The Happy diamonds by Chopard, dancing across the crystal in between the dial and sapphire crystal, have become in icon in the jeweled ladies watch segment. While pretty, I always thought they were too girly-girl for me. This year, however, Chopard has finally come up with a model that I would love to have on my wrist—the Happy Ocean.

Make no mistake. It’s a technical dive watch that can reach depths of 300m. It’s a fab 40mm of stainless steel (a good size for me), topped by a useful unidirectional bezel. The bezel is where I unobtrusively get my girly-girl kick. You can choose between a blue-turquoise bezel or a blue-raspberry one. The dial is a deep blue that sets off the glowing white hour markers and hands. The minute hand is also outlined in either turquoise or raspberry to match your bezel, as are the rubber straps (or you could go for a navy blue NATO strap for something subtler). Of course, the five Happy diamonds float their merry way around the dial.

Victorinox I.N.O.X. V

Not one of my usual high-tech picks, but a pretty, practical one. While its 37mm is too small for my usual taste, the I.N.O.X. V had me with its gray-pink combination. And the fact that it (along with its bigger brothers) has gone through the “handbag challenge,” one of the 130 durability tests that all the I.N.O.X. watches go through (the others involve getting run over by a steam roller, getting tossed in a washing machine for a couple of hours, and being dropped from great heights).

It’s a standard three-hand watch, albeit with a pretty pink second hand to match the accents in the paracord strap. Which is another selling point for me (I am such a sucker for a good brand story). In case of emergencies, you can unravel the paracord and use it to lash yourself to a mast of a ship in the midst of a tempest, or secure yourself to a rock face, or go fishing to stave off starvation. Alternatively, you could use it to tie up your kids and preserve your sanity, or even separate the cord into individual strands and use it as floss (there are many a situation that can be saved by a flawless smile).

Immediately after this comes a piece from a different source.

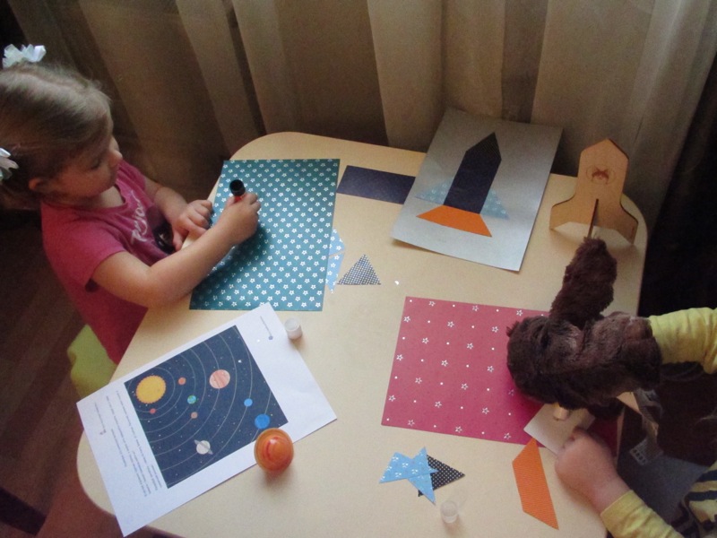 Дальше когда дети немножко пришли в себя, но все равно заниматься не хотели, я дала им задание-творчество. Сделать апликацию "Ракета" по образцу.

Breguet Marine Equation of Time

Of course, no watch fair would be complete without falling in love with something complicated. Breguet steps up and provides the romance this year with the Marine Équation Marchante 5887. It has—get your notebooks and pens ready, class—the days of the week; months and leap year cycle; retrograde dates; running equation of time; perpetual calendar; and a tourbillon. And it’s also self-winding. And it has an 80-hour power reserve, which is 10 times more than any energy reserves I have.

Of course, being a Breguet, the finishing of the watch is exquisite. All components are hand chamfered, the edges gently and precisely rounded and polished. The dial features two different kinds of engine-turning, one of them creating the distinctive wave pattern. The bridges and barrel—visible through the caseback—are delicately engraved.

That’s just the aesthetics. Lack of space keeps me from going on and on about the tech that goes into all those complications. But in typical Breguet fashion, the entire watch is understated, even if the case comes in 43.99mm rose gold or platinum. It’s one of those watches best appreciated by those in the know.